The Colorado Broadband Office (CBO) told the Joint Technology Committee on June 11 that after three years of program design and two grant rounds, the federal National Telecommunications and Information Administration (NTIA) issued new policy directives that require Colorado to reopen BEAD‑related rounds and change selection criteria.
“On January 6, the NTIA issued new policy directives,” Executive Director Brandy Ryder said. The NTIA direction removed a “fiber‑first” preference and other state‑level criteria, required a new “benefit‑of‑the‑bargain” round that prioritizes the least‑expensive technology that covers the most locations, and shortened the timeline for states to update and re‑submit proposals.
Why this matters: Colorado had prepared a state BEAD plan and ran two preliminary grant rounds that produced many applications. Under the new federal directives, CBO must rework rubrics, reissue eligible location lists, reopen an application window and perform new technical reviews on a compressed schedule. The changes will delay some construction into 2026 and increase program administrative costs.
Federal award and demand: Ryder said Colorado’s BEAD allocation is about $826.5 million and that the state received 281 applications for rounds 1 and 2 requesting roughly $2.4 billion in project funding; applicants proposed about $676 million in local matching funds. CBO said the statewide unserved count is about 121,345 locations and that prior to the NTIA change the office proposed covering a large share of unserved and underserved locations.
NTIA changes and timing: Ryder said NTIA removed several evaluation factors the state had used, including a fiber preference, fair‑labor and workforce requirements, and climate‑resilience scoring. NTIA directed states to prioritize lower‑cost technologies that cover the most locations and set a 90‑day timeline (from the June 6 policy issuance) for states to reissue their applications and make preliminary awards; Colorado must submit final proposals to NTIA by Sept. 4, 2025. Ryder told the committee the state’s updated eligible location file will be published before the end of June and that the application window will open in early July.

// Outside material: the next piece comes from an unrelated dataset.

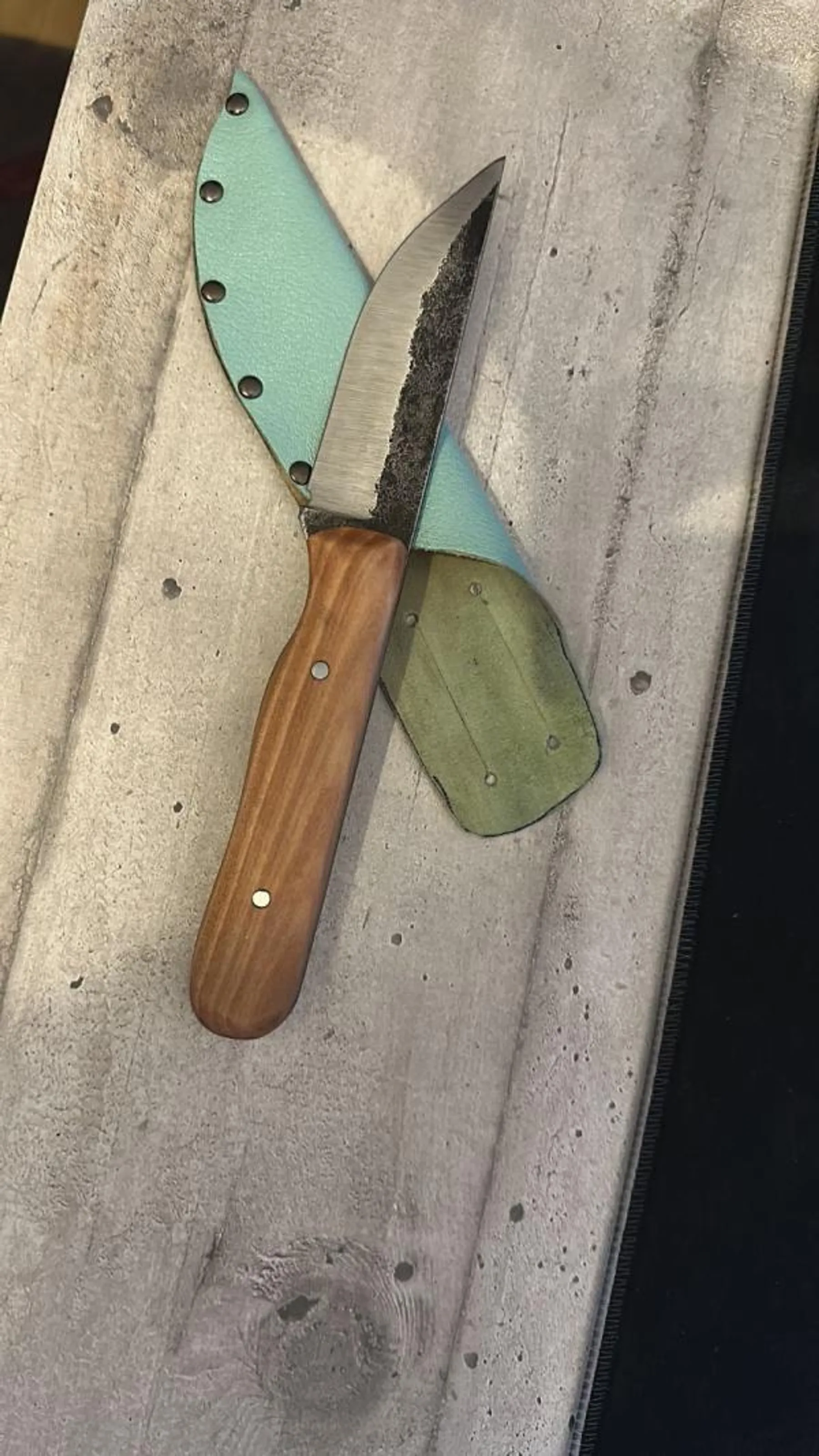 Votre couteau droit forgé + son étui en cuir
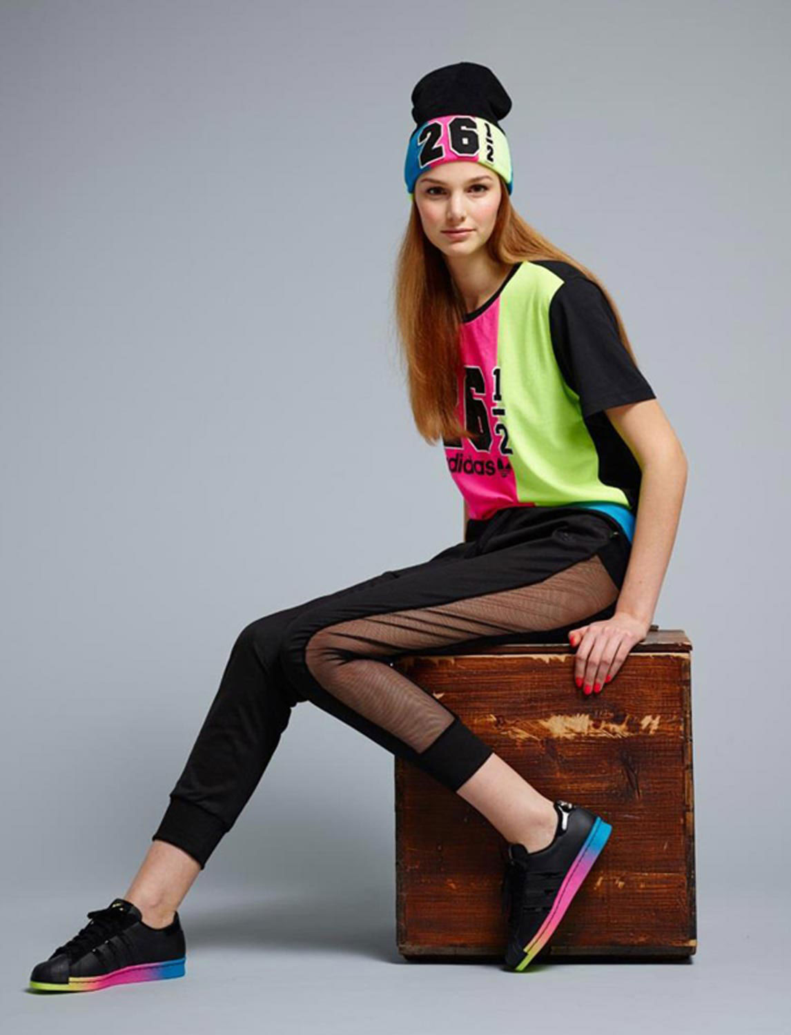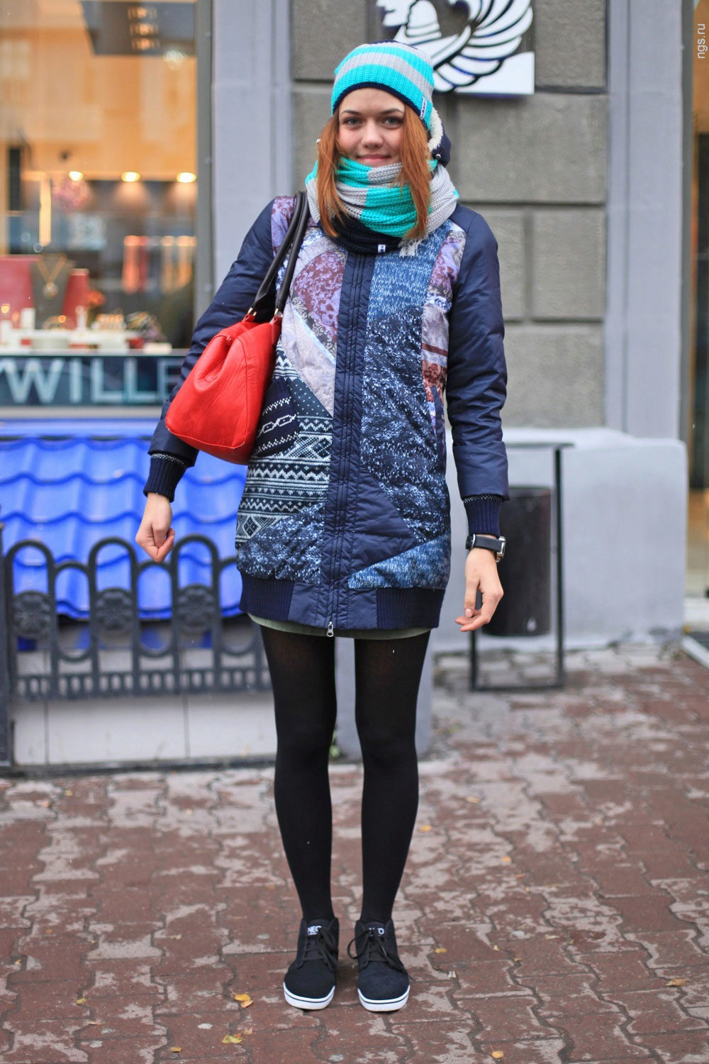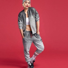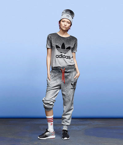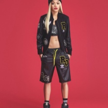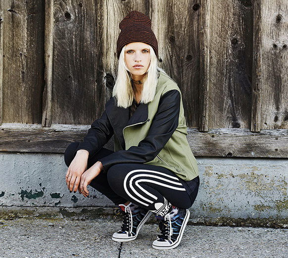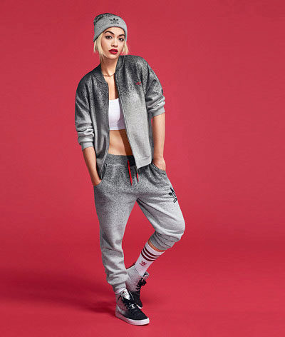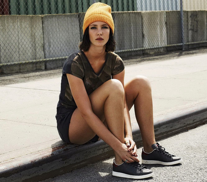The adidas stylish knitted hat-bini is decorated with a neat pompon and has a spectacular pattern of large braids. The volumetric model is appropriate for a girl with large features (full lips and big beautiful eyes). The product has a wide lapel, knitted with a rubber band, and is decorated with a small metal trefoil, which echoes the shiny steel shade of the jacket. The bright orange color of the cap, which matches the color of the hair and skin of the girl, brings a bright note to the image.

Practical impacts: Ryder and staff estimated additional administrative costs of $2.2–$2.5 million to re‑run the BEAD rounds because CBO must contract technical reviewers and perform more application-level engineering reviews. Ryder said some applicant and industry workforce costs—tens of millions of dollars for application preparation—are now “sunken” because initial application costs are not reimbursable in the new NTIA approach.
Other federal programs and related changes: Ryder also updated the committee on related programs: Colorado’s ARPA Capital Projects Fund awards (about $113 million) are underway; the state’s digital equity capacity grant (initially ~$12 million federal allocation) was terminated by NTIA on May 9; and other federal programs such as the Affordable Connectivity Program and RDOF were discussed as having influenced local provider plans.
Committee reaction: Committee members expressed frustration over the added delay and the potential quality tradeoffs if lower‑cost technologies are prioritized. Representative Pascal asked how prioritizing the cheapest technology could leave communities with solutions that require earlier replacement; Ryder warned the committee that fixed wireless and satellite solutions can be easier to deploy but typically have shorter service lifetimes than buried fiber.
Ending: CBO said it will publish the updated eligible‑locations list and open the benefit‑of‑the‑bargain application window in early July; the committee requested follow‑up briefings on the new timelines and on projected coverage, technology types proposed, and costs to replace shorter‑lived solutions in later years.